Here, I have attempted to focus on the two branches of this Science and Technology section and the major innovations of 2010. Firstly, the iPad is at the forefront of technological consumerism. It is a product that you will have seen, heard about and can affect your life on a day to day basis. Secondly, the creation of the first synthetic self-replicating bacterial cell is at the forefront of scientific research. Although it will not affect us even in the foreseeable future, its effects, scientific and ethical in nature, provide the next challenge and potential for progress for our way of life.
I probably don’t need to tell you this, but the iPad made its debut in April 2010 to a mixture of hype, happiness and a few jokes. The fans of Apple and those who long awaited its release were happy to join long queues to get their hands on one. On release there were certain features that the iPad should have had and these were flagged up by many a gadget magazine. Specifically, a widescreen feature and a USB port. Also lacking, was a multitasking facility, so that multiple applications could run at the same time. But this feature was introduced in a downloadable update to the operating system later in the year.

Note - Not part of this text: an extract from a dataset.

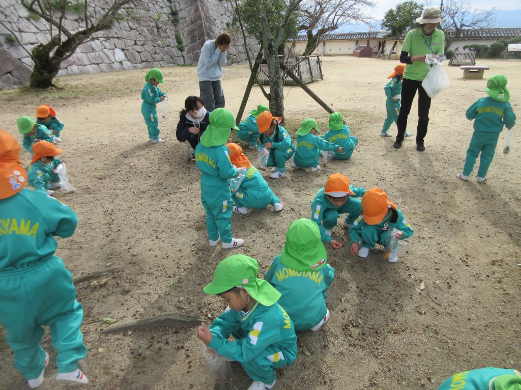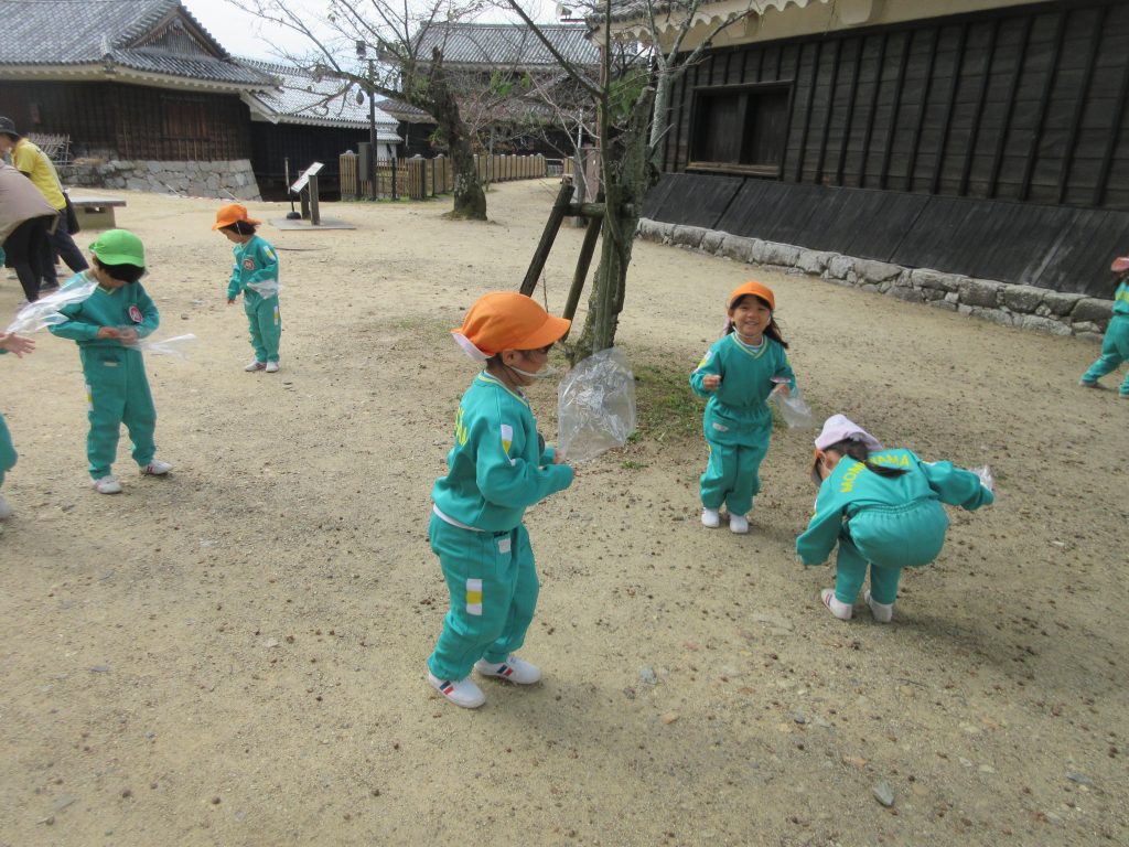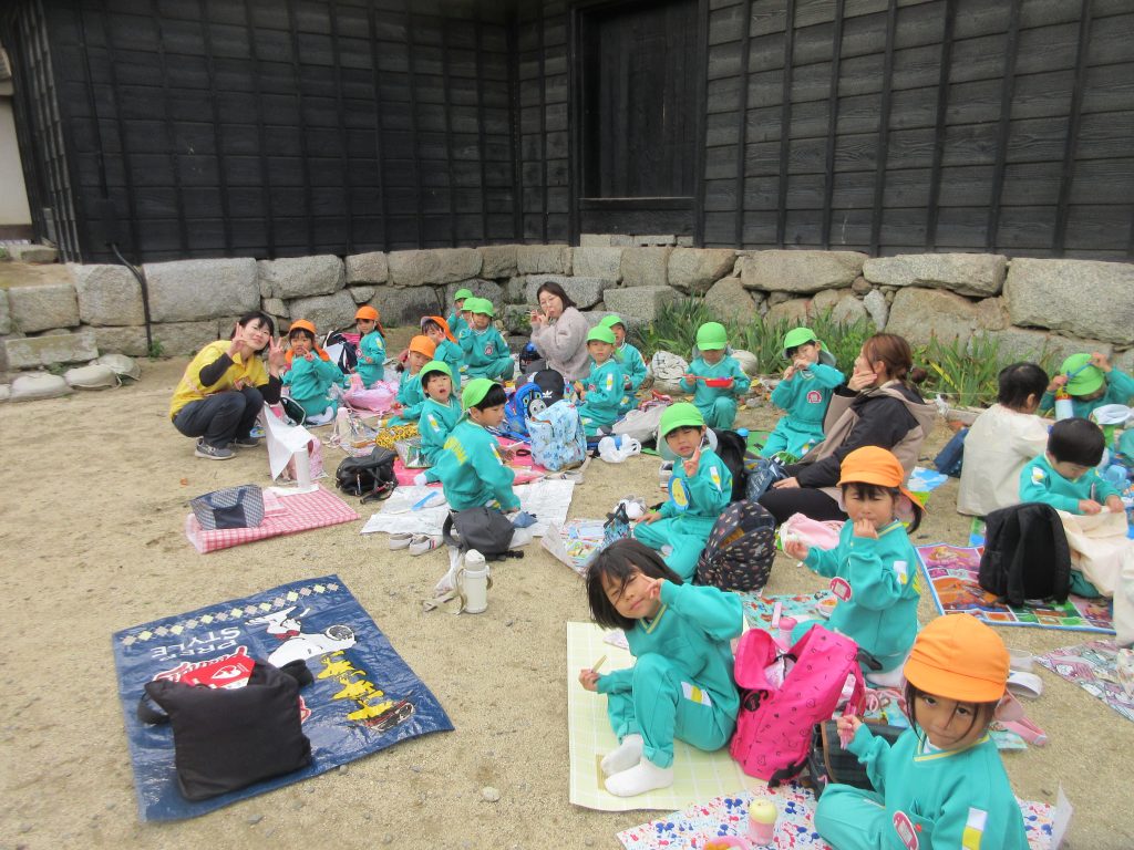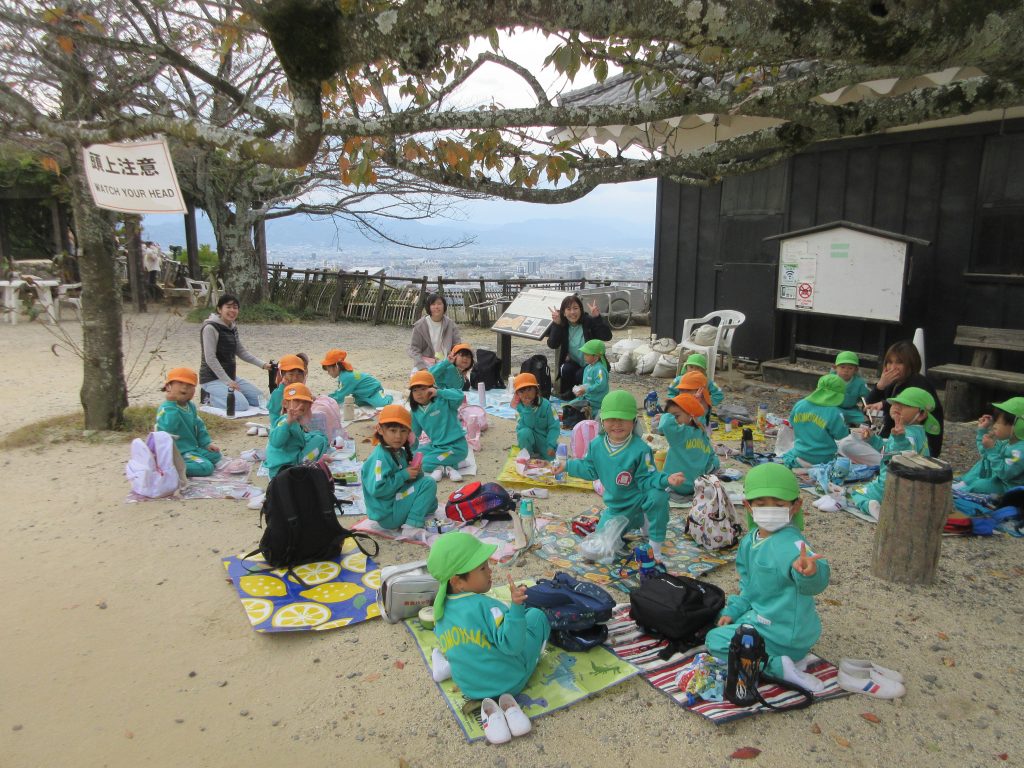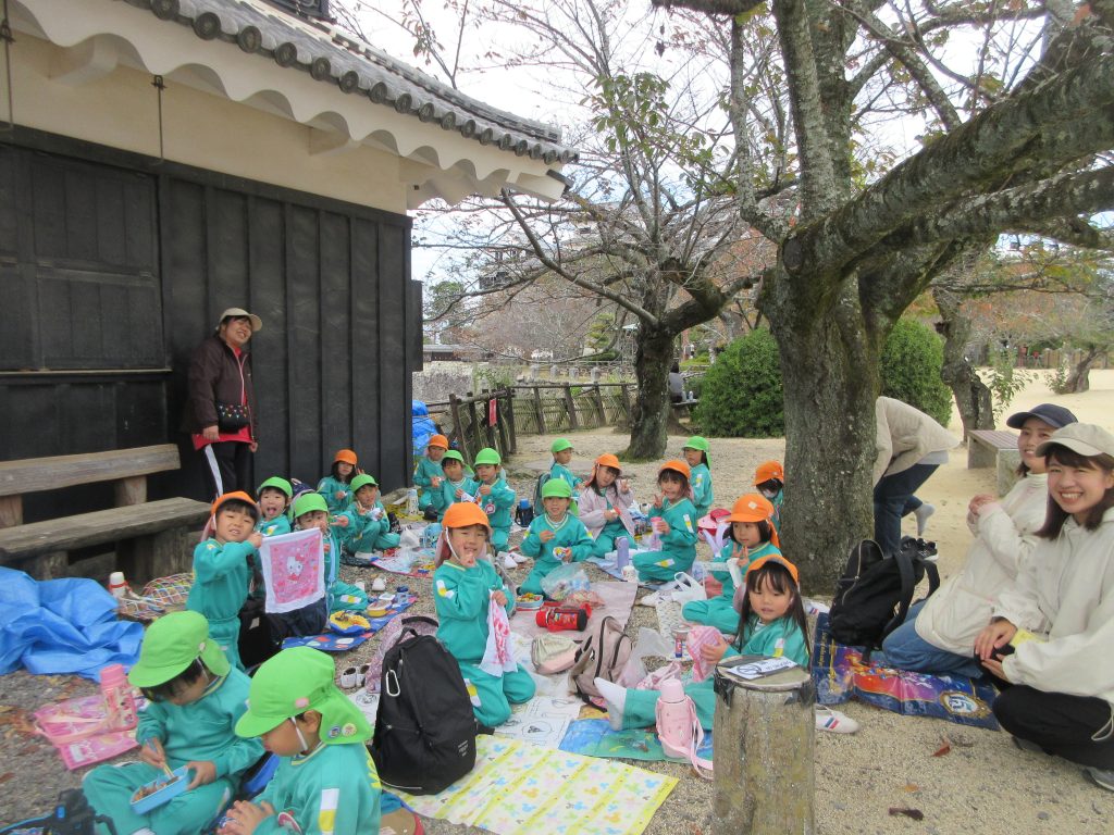 11月18日(火)年中組が遠足で「松山城」に行きました。東雲神社の階段から登りました。一段一段しっかり足を上げて頑張っていました。

There was generally a mixed response to its release. The main question on people lips was “What’s the point?”, which I might flag up as a question for most gadgets. More specifically, is this just a bigger version of the iPhone? Well, I believe the answer is yes, but I don’t see this as a pointless scaling-up exercise. The iPad offers an A5-size screen with all the functionality of a laptop and portability of a book, albeit a very expensive one. The capabilities of the iPad have already been realised in such arenas as business, sport and education. For example, doctors are using them to access medical files. They also have uses in the classroom and have been hailed as an invaluable tool in homeschooling.

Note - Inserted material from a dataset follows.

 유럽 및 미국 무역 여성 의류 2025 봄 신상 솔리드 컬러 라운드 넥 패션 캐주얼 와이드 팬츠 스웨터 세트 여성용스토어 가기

In summary, this is one to watch. The iPad isn’t perfect yet, but Apple sure know what they’re doing. Also, I don’t think Apple have finished with their scaling up of the iPhone. Look out for the iDesk – you’ll definitely be keeping your coffee on a different table.
Yes, this has happened. But what is it and what does it mean? This is the field of genomic science and is at the very frontier of enhancing our understanding of the biological world. Scientists have been working to convert the C, G, A and Ts, the building blocks of DNA, into 1s and 0s, effectively digitising the genomic structure. The next step, you might guess, is the reverse: converting a structure from 1s and 0s into DNA.
The JCVI, the J Craig Venter Institute, is at the forefront of this area of research. This conglomeration of research institutes is headed by Dr J Craig Venter, the American biologist and entrepreneur. He’s renowned for his role in being one of the first to sequence the human genome. This team of scientists has achieved its goal of creating the first synthetic bacterial cell. From the four chemicals that make up DNA a 1.08 million base pair Mycoplasma mycoides genome has been synthesised. As the JCVI say on their website, “This synthetic genome has been ‘booted up’ in a cell to create the first cell controlled completely by a synthetic genome.”
The institute does not take its work lightly and throughout the process the team “contemplated, discussed, and engaged in outside review of the ethical and societal implications of their work.” There has to be no doubt that this organisation recognises the repercussions of its work and, while the term “playing God” is frequently thrown around, this type of research is the closest to “playing God” as we have come.
The potential for this technology is wide reaching, from advanced biofuels to clean water technology to new medicines. This new area of science brings with it a whole range of new questions, but has the potential to affect positive change in the world.